By Hillary Short
Playground Apologetics: Apologetics Tactics for Busy Moms
Earlier this week I found myself caught in the morning line of cars leaving my neighborhood’s elementary school. I live with my husband and 3-year-old son in a suburb of San Antonio. We’re in south Texas and our “Mayberry” (as many call it) is incredibly conservative – and not just politically. We have a lot of churches. When I say “a lot,” I mean that we could put you in a blindfold at most any intersection in the city, give you a stone to throw, and you’d probably hit one. It’s Narnia, for sure. Or a bubble. Whatever you’d like to call it. So, you can imagine my surprise on Tuesday as I pulled up behind a big SUV boldly emblazoned with a lightbulb-shaped sticker and the words “skeptic kids.” There went my bubble.
I admit to assuming what many moms probably assume – that our home is safe, our town is safe, and therefore my child’s faith will be safe. It’s college professors who will try to shake my child’s Christian beliefs, and he’ll be ready by then. Right?
Ladies, this is a dangerous mistake. Even if you think you’re in “Mayberry,” let me assure you: you aren’t. That sticker represents what we can’t afford to ignore: growth of evangelistic and committed atheism. And remember, the “skeptic kids” sticker was on a car exiting an elementary school, not a college campus. We can no longer afford to ignore the reality of evangelistic atheism.
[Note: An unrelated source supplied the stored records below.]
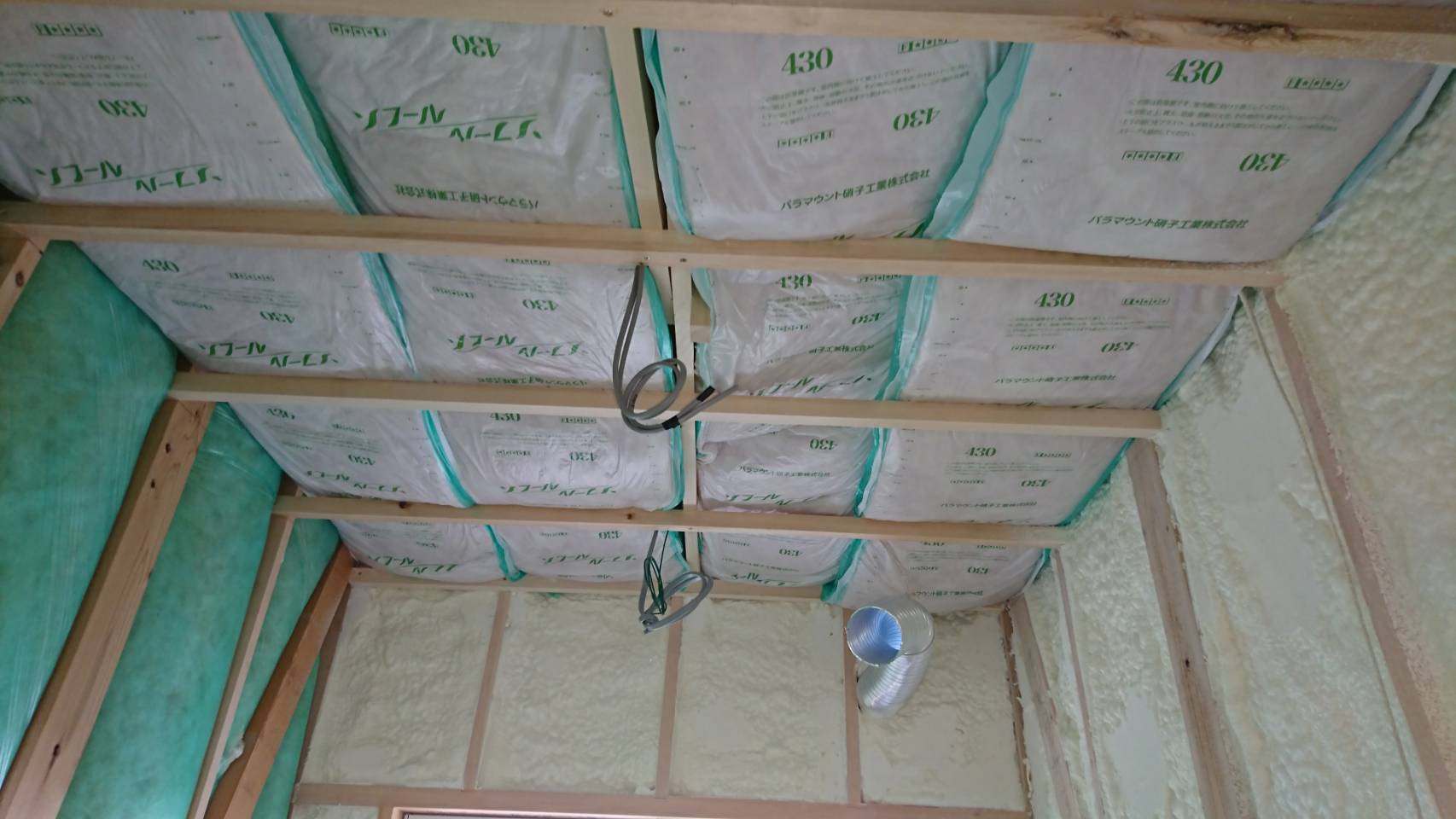 壁と天井に断熱材を敷き詰めます。外壁である奥と右の壁には高性能のウレタンを、左側の内壁にはグラスウールを採用しました。通常内壁にまでは施工しませんが、今回は断熱性能を高めるために使用しました。天井にはグラスウールをしっかりと詰めました。
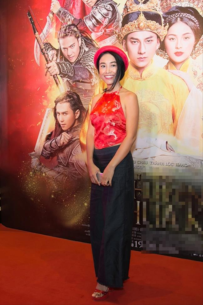 Đoan Trang diện áo yếm đỏ, vấn khăn đi sự kiện nhưng lại kết hợp với quần ống loe, gấu tua rua khiến mọi người suýt "ngất".
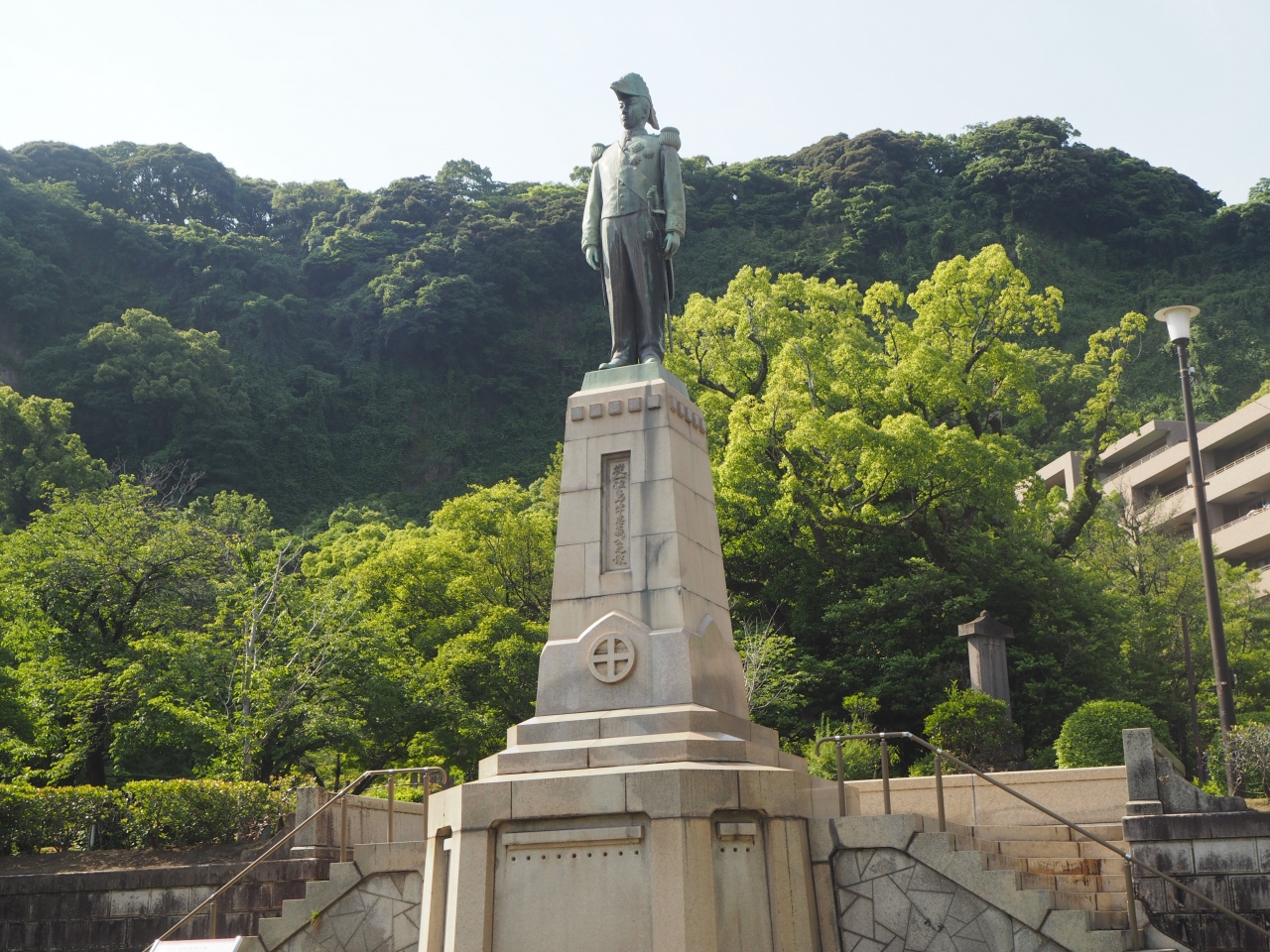 城山の麓の照国神社のとなりに探勝園跡があります。探勝園は鹿児島城の二の丸があった場所で、現在は公園になっています。公園は城山の麓というのもあり高低差があり、アップダウンが気になります。池などもあります。公園自体では行く必要はなさそうですが、島津家の3人の像(島津忠義、島津久光、島津斉彬)があるのが見どころのようです。
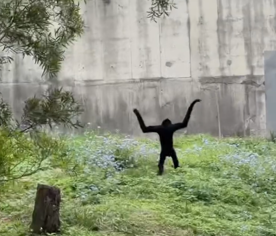 六福村的長臂猿高舉長長的手臂,雙腳在草皮上小跑,接著攀附在內舍門的欄杆上往裡頭看,接著又舉著手手往回跑,一瞬間就爬到樹上,@yyy_shan__見到這個畫面覺得太可愛了,隨手PO上Threads,沒想到獲得廣大迴響。
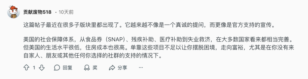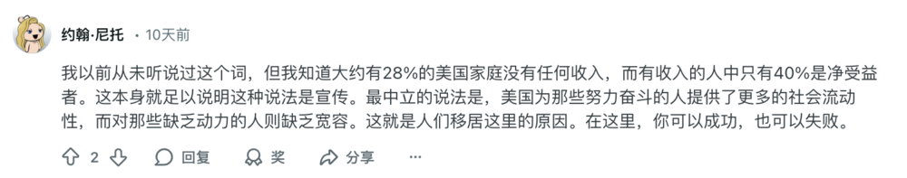 还有一位美国网友是这么说的:美国本身就是一个风险高、利润大、试错成本低的国家,它对缺乏动力的人非常残酷。
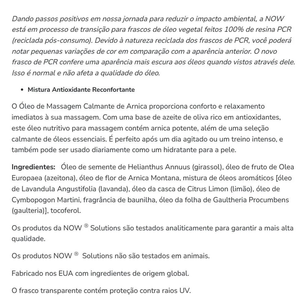 Óleo de Massagem Calmante de Arnica Now Foods 237ml é uma mistura de óleos vegetais com extrato de arnica, formulado para uso externo, proporcionando sensação de conforto durante massagens, com textura leve e absorção rápida.
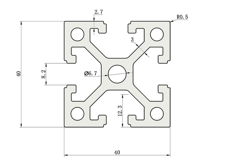 適用于應(yīng)力及強(qiáng)度較大的框架組合結(jié)構(gòu),它的外型采用圓角過渡,表面經(jīng)過陽(yáng)極氧化處理,高雅美觀并抗腐蝕,它通常采用M8X20高強(qiáng)度專用螺栓加彈性扣件的內(nèi)部連接方式,堅(jiān)固而又可靠,是工業(yè)框架應(yīng)用較為廣泛的型材之一。
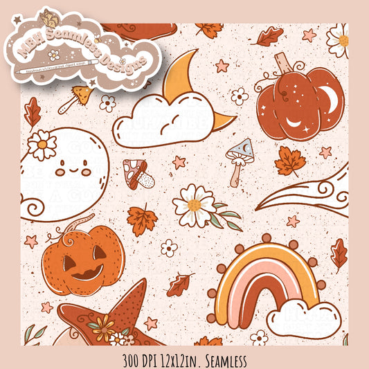 Boho Floral Pumpkin Ghost Seamless MULTIPLE COLORWAYS
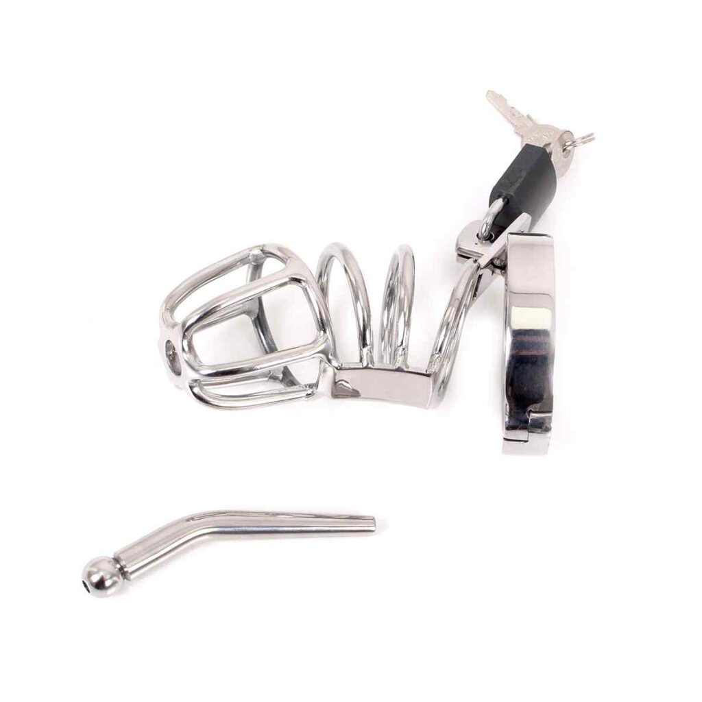 By wearing The Attica Chastity Cage it will feel like a jail cell for your penis, under your control. Made from stainless steel and designed with a curved spine, enclosure rings and a removable hollow penisplug.

As we Mama Bears say, apologetics might not affect our faith, but it might affect our children’s. And you know what? I want my churched-up, prayed-up, pre-school kid to be a skeptic too! Why? Because being a skeptic means that he will question what is presented to him. This is important because I will not always be the one presenting the ideas. A child who understands how to discover truth is primed for a faith that lasts much longer than that of a child who is merely presented with the truth.